Selon le Service canadien du renseignement de sécurité (SCRS), de 130 à 145 Canadiens se trouveraient au Moyen-Orient pour participer à des activités terroristes. Au Québec, en janvier dernier, au moins sept jeunes de la grande région de Montréal sont partis vers le Moyen-Orient et avaient l'intention de faire le djihad.

À sa grande surprise, Stéphane Berthomet a réussi à échanger avec un des plus influents recruteurs français pour l'État islamique, et ce, en moins de trois semaines. « Je suis rentré en contact avec ce fameux Omar Omsen, qui était considéré - puisqu'il vient d'être tué il y a quelques semaines - comme l'un des principaux recruteurs français pour le djihad en Syrie. »

C'est à ce moment-là que Stéphane Berthomet a mis fin à son expérience.

« Ce que les recruteurs en général peuvent faire - et ça, c'est caractéristique de tous les groupes radicalisés - [c'est] détecter l'ouverture de la personne, son influençabilité. Et plus une personne semble ouverte et influençable, évidemment, plus le processus de recrutement peut se passer rapidement », indique Ghayda Hassan.

« Cette pression est très importante. [...] Vous recevez un flot d'informations qui vont toutes dans le même sens. Ça ressemble effectivement à un lavage de cerveau.

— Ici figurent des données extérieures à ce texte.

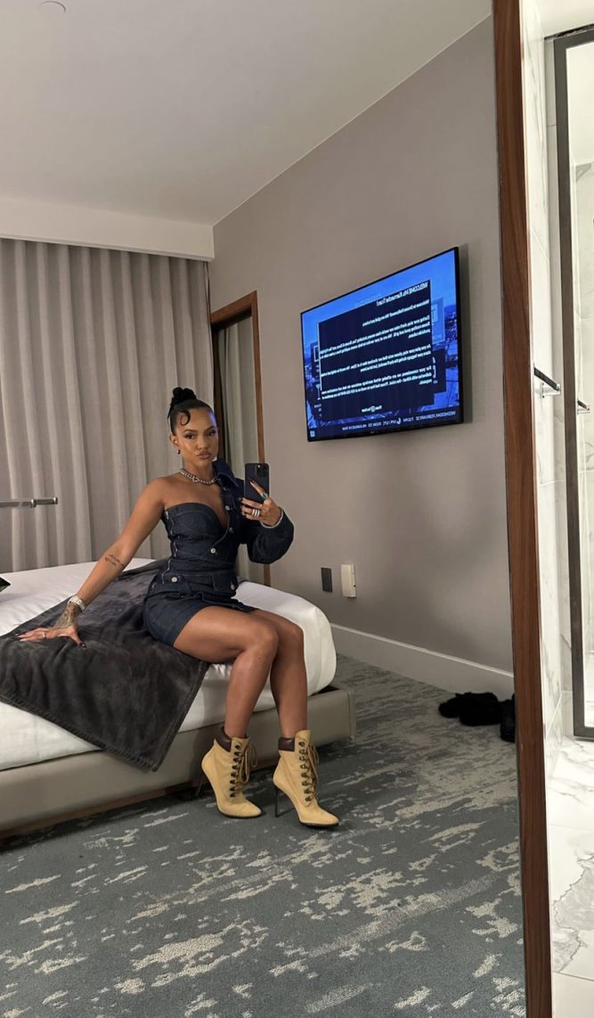 Karrueche was wearing a Lionne Clothing Brittany denim dress and stiletto boots, cute!

Ça ressemble à de la manipulation comme on en fait dans les sectes. » — Stéphane Berthomet

D'où l'importance d'intervenir rapidement auprès de nos jeunes, selon Dave Charland. « Ça va toujours rester un défi, mais plus on en parle, plus on prévient, plus on est capable de parler à une personne avant qu'il devienne trop radicalisé. »

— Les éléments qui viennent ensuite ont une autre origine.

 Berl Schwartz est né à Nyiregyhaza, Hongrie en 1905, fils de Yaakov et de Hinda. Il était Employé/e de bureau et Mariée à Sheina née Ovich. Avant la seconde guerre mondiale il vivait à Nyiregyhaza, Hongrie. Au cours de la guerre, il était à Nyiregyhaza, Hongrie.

Stéphane Berthomet croit « qu'il y a un réel danger sur les réseaux sociaux pour les jeunes, pour les adolescents, pour les individus qui se cherchent, qui cherchent une identité et qui cherchent une communauté parce que ces gens-là vont tomber très souvent justement vers les plus radicaux ».

Ghayda Hassan ajoute que « lorsque nos jeunes s'isolent dans leur chambre pour dialoguer avec un recruteur, on déjà rendu un peu trop loin un peu trop tard ».

Selon plusieurs spécialistes, les seules façons de se prémunir contre la radicalisation sur Internet, c'est par la prévention, la discussion, le débat et la vigilance.